A staff member at my university gave me a document to review, and the Post-It note on the front said ‘See "tagged" pages.’, referring to little colored tags sticking out to mark some of the pages. I asked her why she had put tagged in quotation marks on her note, and as I expected, she said she wasn't quite sure whether tag was a proper verb, didn't want to say anything that was wrong, and so on. The quote marks were a sign that this might not be the correct word to use. In other words, they were what scholars call scare quotes. And that's when it struck me that there were two shades of meaning for scare quotes, pragmatically distinguished.
When a full professor who works in some field like linguistics or philosophy puts a word or phrase in scare quotes, it's about the word or phrase: it's an indication that it may be the wrong one, an expression that ignorant and careless writers elsewhere have used but which really should be eschewed. Professors (well, professors of subjects like linguistics, logic, and philosophy, anyway) write from a standpoint of feeling linguistically fairly secure.

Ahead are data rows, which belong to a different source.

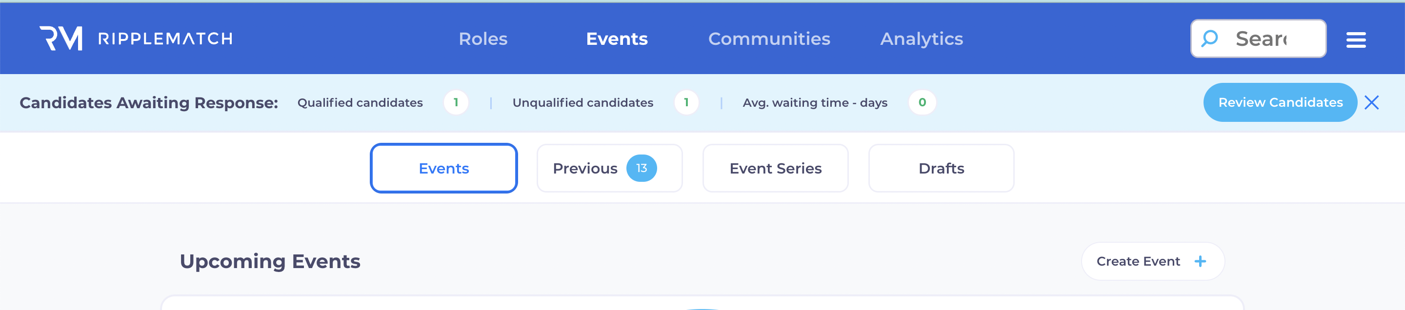 To view the Events Creation & Management Portal, login into RippleMatch and click the “Events” tab in the blue navigation bar at the top of the page.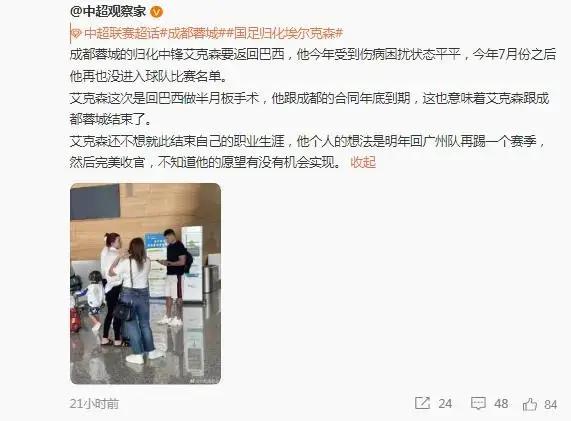 艾克森个人的想法是明年回广州队再踢一个赛季,然后完美收官。但随后前艾克森翻译张昕恺在社媒表示,艾克森目前人在成都,是蓉城的一员,图片并非拍摄于今天。
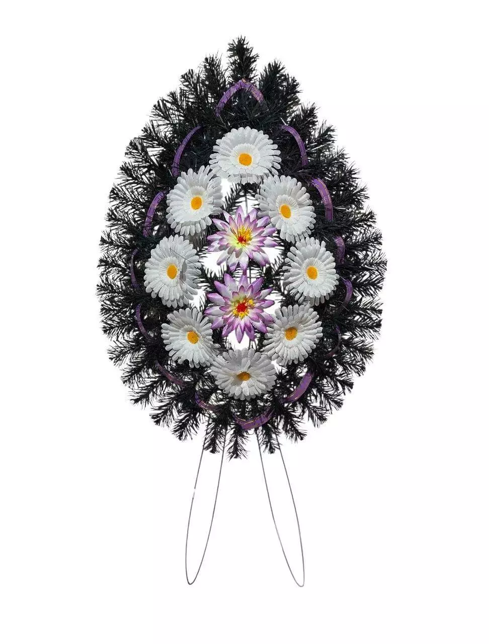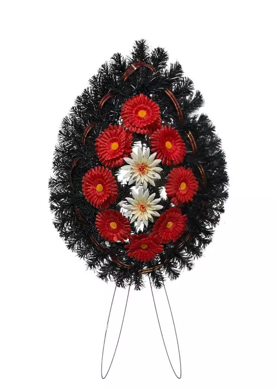 Ритуальний вінок зі штучної хвої, розміром 95*60*19 см. Вінок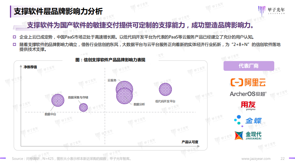 在本次报告中,甲子光年通过净推荐值、产品认可度方面评选出阿里云、用友、安超云等代表厂商,这些厂商的领先企业品牌影响力初具规模,推动企业“信创化”进程稳步发展。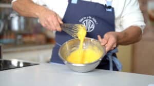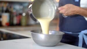 - Bring the infused milk to a boil. Gradually whisk about one-third of it into the egg-sugar mixture.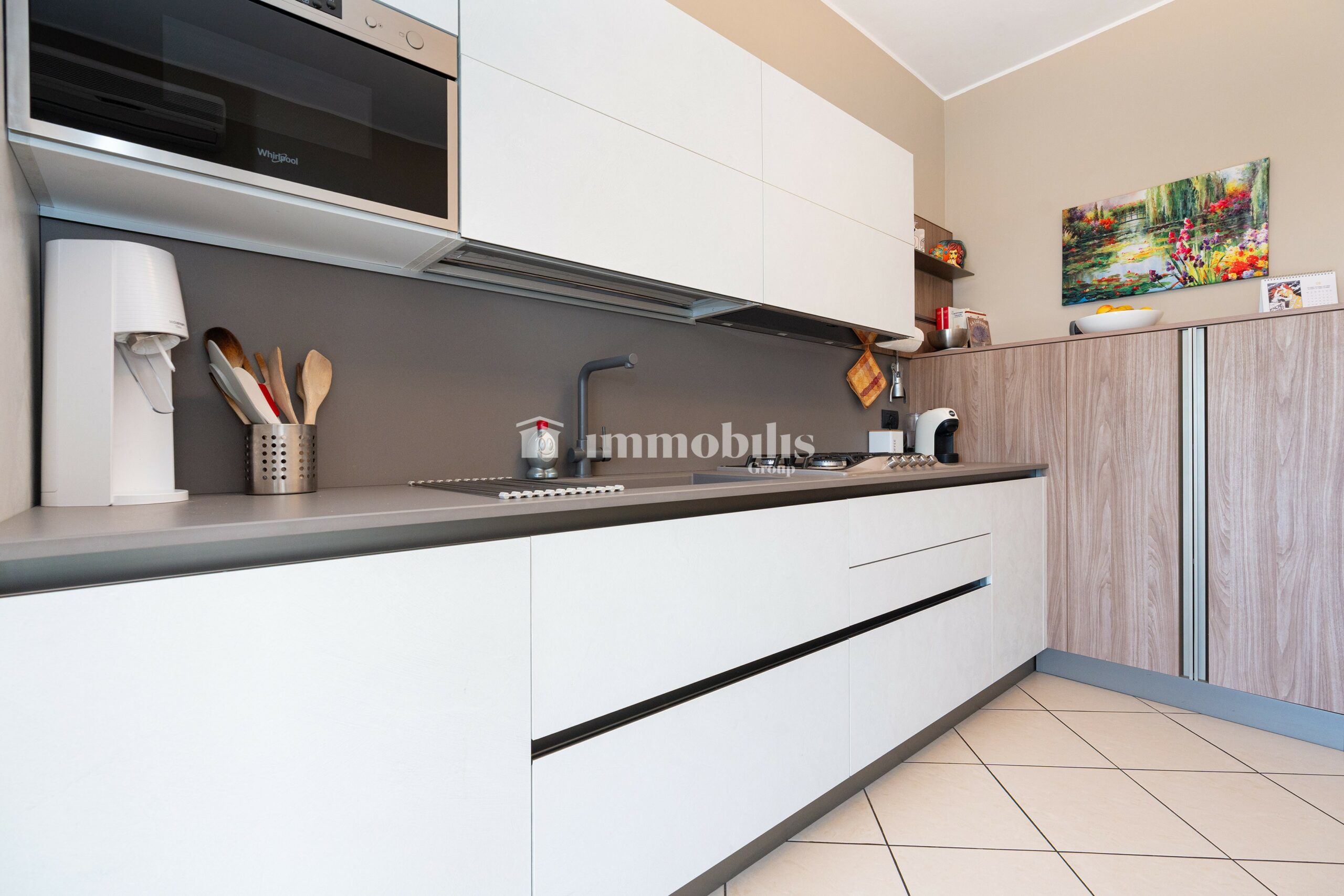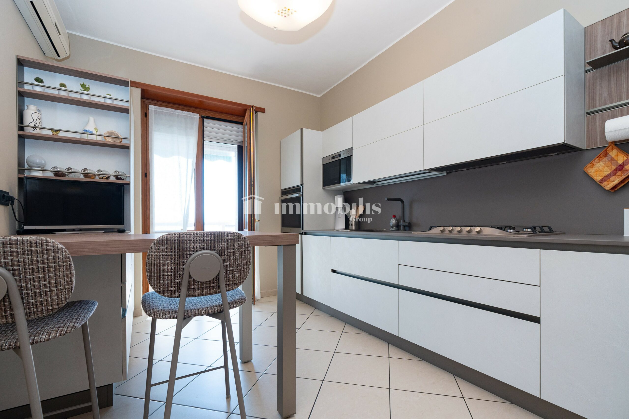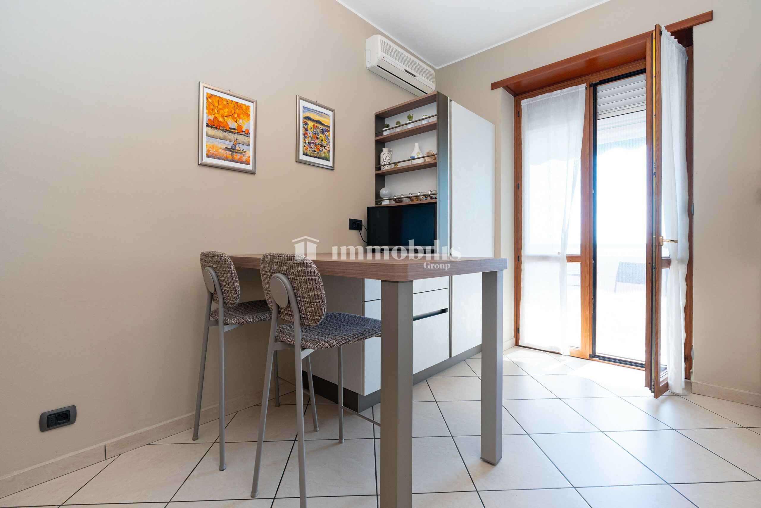 Sulla sinistra troviamo il soggiorno, un ambiente versatile che può essere utilizzato sia come zona living che come sala da pranzo, a seconda delle esigenze. La cucina è abitabile, attrezzata con cucina lineare e arricchita da un comodo banco snack, perfetto per colazioni o pranzi veloci.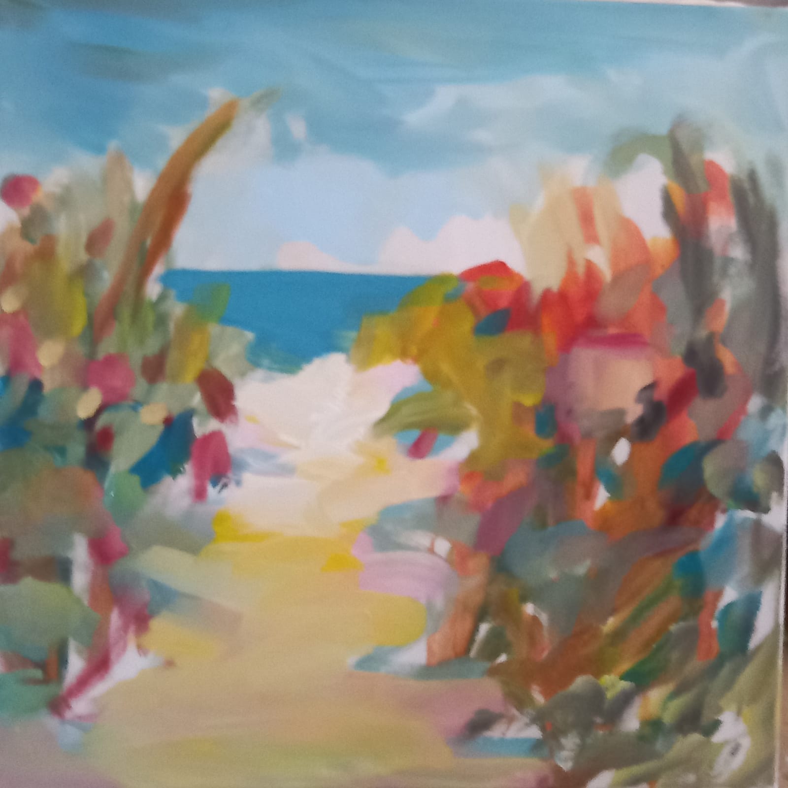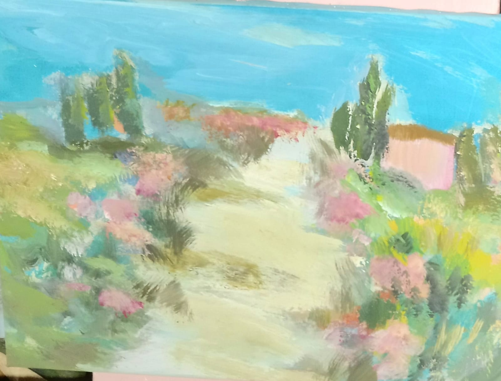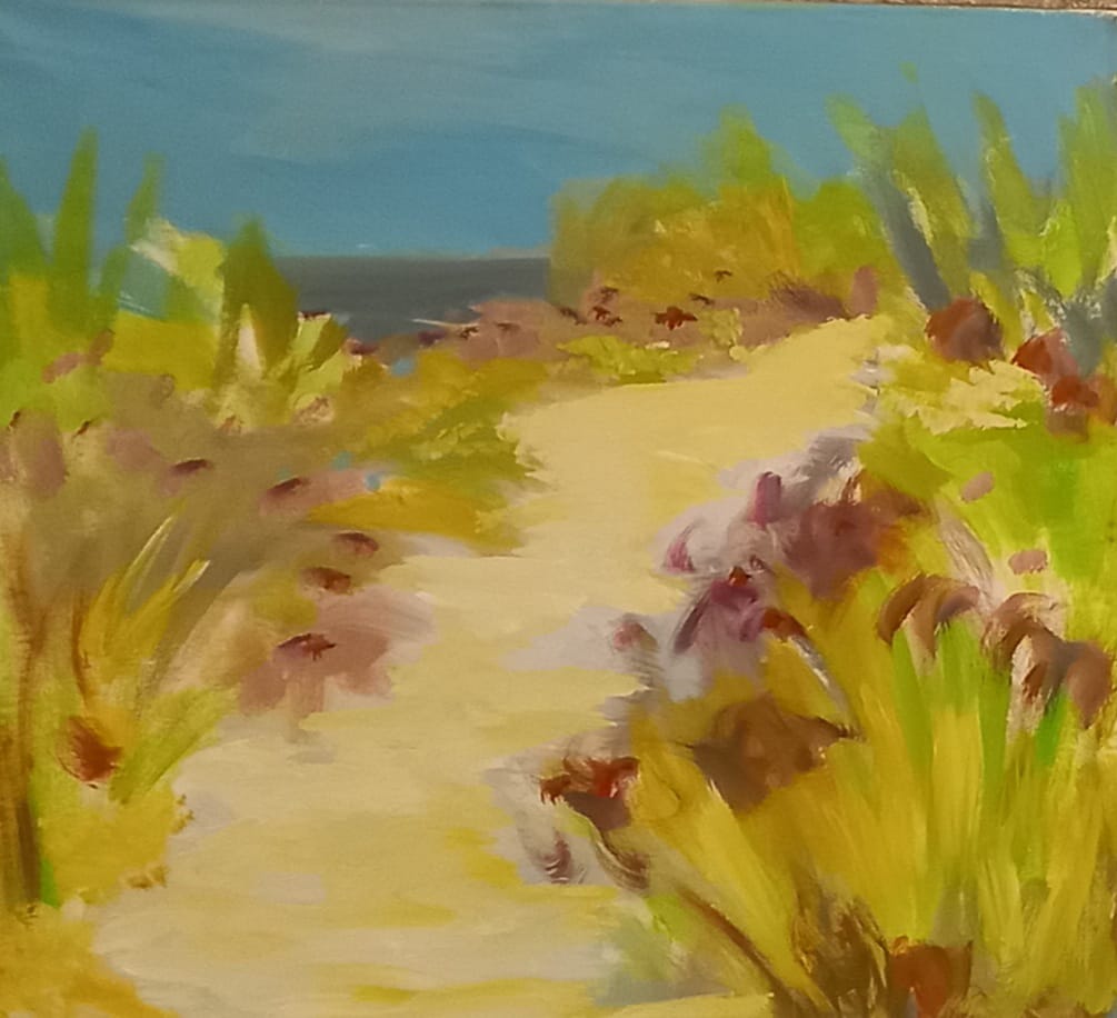 Motiv stazice uz raslinje ili put uz more je čest na ovoj izložbi koji je odraz nekih uspomena iz mog djetinjstva i slike prirode koju sam često promatrala živeći i boraveći kod bake koja je imala kuću uz more i pružila mi prekrasno djetinjstvo. Mogu reći da je to bila privilegija… kao i svima nama na Mediteranu gdje smo okruženi motivima koji nas puštaju dosegnuti neke ljepote osvajajući našu podsvjest i dajući mašti prostora.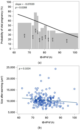 The expansion of the blastocyst during embryo culture was not measured directly. As an indicator of expansion, differences between morphokinetic timepoints were investigated, i.e., tB-tSB, tB-tPNf, tB-t8 and tB-t5. Of these, a significant association with the probability of clinical pregnancy after SVBT was found for tB-tPNf (p = 0.0288; Figure 4a). There was also an association between tB-tPNf and the blastocyst size after warming (Figure 4b), as well as the rate of re-expansion (Figure 4c). This association was statistically significant for the rate of re-expansion but not for the size after warming.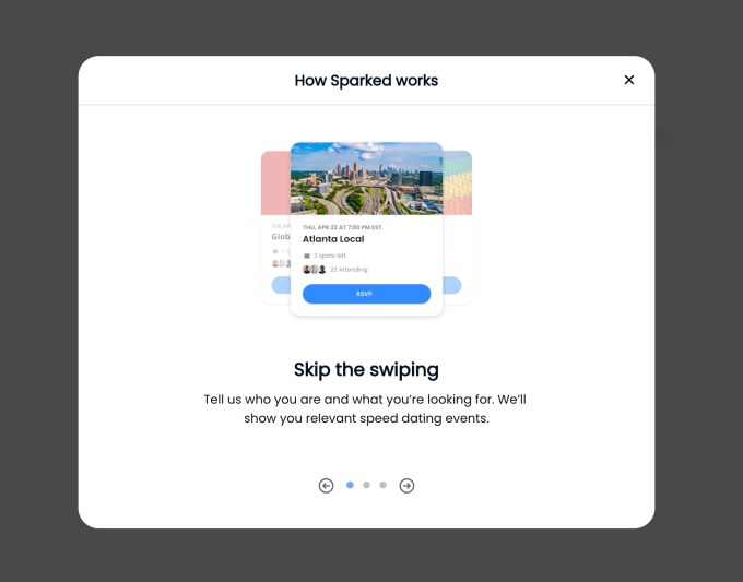 During the sign-up process, Sparked tells users to “be kind,” “keep this a safe space” and “show up.” A walkthrough of how the app works explains that participants will meet face to face during a series of four-minute video dates, which they can then follow up with a 10-minute date if all goes well. They can additionally choose to exchange contact info, like phone numbers, emails or Instagram handles.

But when a staff member of lower perceived status uses the same device, the semantics is the same — the quote marks mean that this word or phrase may not be strictly correct — but pragmatically it's quite likely to indicate a very different situation, one in which the user feels insecure about whether the right word or phrase has been chosen.
One more reason why the people who try to say there isn't a distinction between semantic and pragmatic aspects of meaning (and there still are a few such people) just can't be right.